Heading – Newton Abbot Town & GWR Museum

Atmospheric Event

Brunel’s connection with Newton Abbot is strong. While working on his Atmospheric Railway system, Brunel based himself in the town, using the Earl of Devon’s architect’s office. In this area of the South West, the atmospheric system is well known, but there is no physical representation of it to see. As a complex scientific principle, the atmospheric system is difficult to explain without a working model to demonstrate it in practise.

Newton Abbot Town & GWR Museum  - The atmospheric event in the gardens of Forde House.

The atmospheric event in the gardens of Forde House.

The Newton Abbot Town & GWR Museum decided to address this by creating a two-day Atmospheric Event to entertain and educate local people in how the atmospheric principle really worked.

The Museum also extended its permanent exhibition at its home base with videos, displays and photographs of Brunel, and displayed the William Dawson watercolours to encourage regular and new visitors to learn more about Brunel and his achievements.

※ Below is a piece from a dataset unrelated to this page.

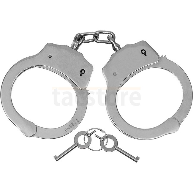 Klassische Chrom-Handschellen mit "Doppelverriegelung", zwei symmetrischen Manschetten und einer Kette mit drehbarem Lager. Aus 100% Stahl gefertigt. Länge ungefähr 23 cm.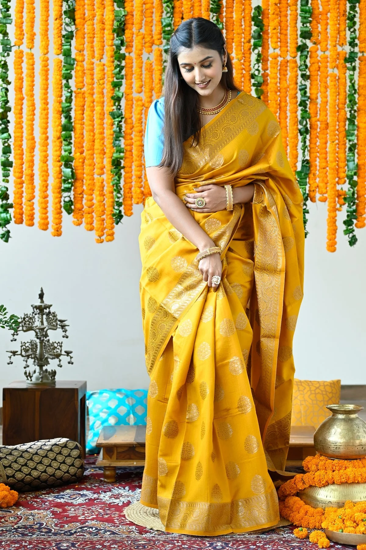 Mustard Yellow Pure Pondicherry Silk Handloom Saree

The combination of the exhibition within the museum and by creating a two-day Atmospheric Event (13 and 14 May 2006) held in the house and gardens of Forde House has encouraged a great interest in IK Brunel and engineers in the area. The Museum had many more visitors than usual to the exhibition, some visitors travelling long distances:

Visitor numbers in 2005, Jan to May: 1,009
Visitor numbers in 2006, from mid-Feb to June: 2,489

The Museum also supported Wren Music to develop the Brunel community play ‘A Wonderful Alteration’. As a result, 150 people were involved in the play, including individuals, families, school children, teenagers, the local town band, school bands and the local choir.

For further information, visit the Museum at: and type Newton Abbot into the Search box.

Newton Abbot Town & GWR Museum  - Barometer World Activity.

Barometer World Activity.

Visitor comments from the Atmospheric Event and Community Play

“I at last understand what the atmospheric system was.”

“I never knew Brunel did so many different things.”

“I know all about Brunel now.”
(a small boy!)

“Isn’t it amazing to see a piece of the pipe, wasn’t it big.”

“I don’t want this to finish”
(child in the Brunel play)

“It is wonderful to work with Paul.”

(comment from a Town Band player on Paul Wilson from the Wren Trust)

“It’s been such FUN, I wish we could have the Wren Trust working with us at school, I love doing the junk band and now it will stop again.”
(Knowles Hill school pupil)

“Working with the Wren trust has been brilliant, everyone had a part and we all did our bit; it really was good.”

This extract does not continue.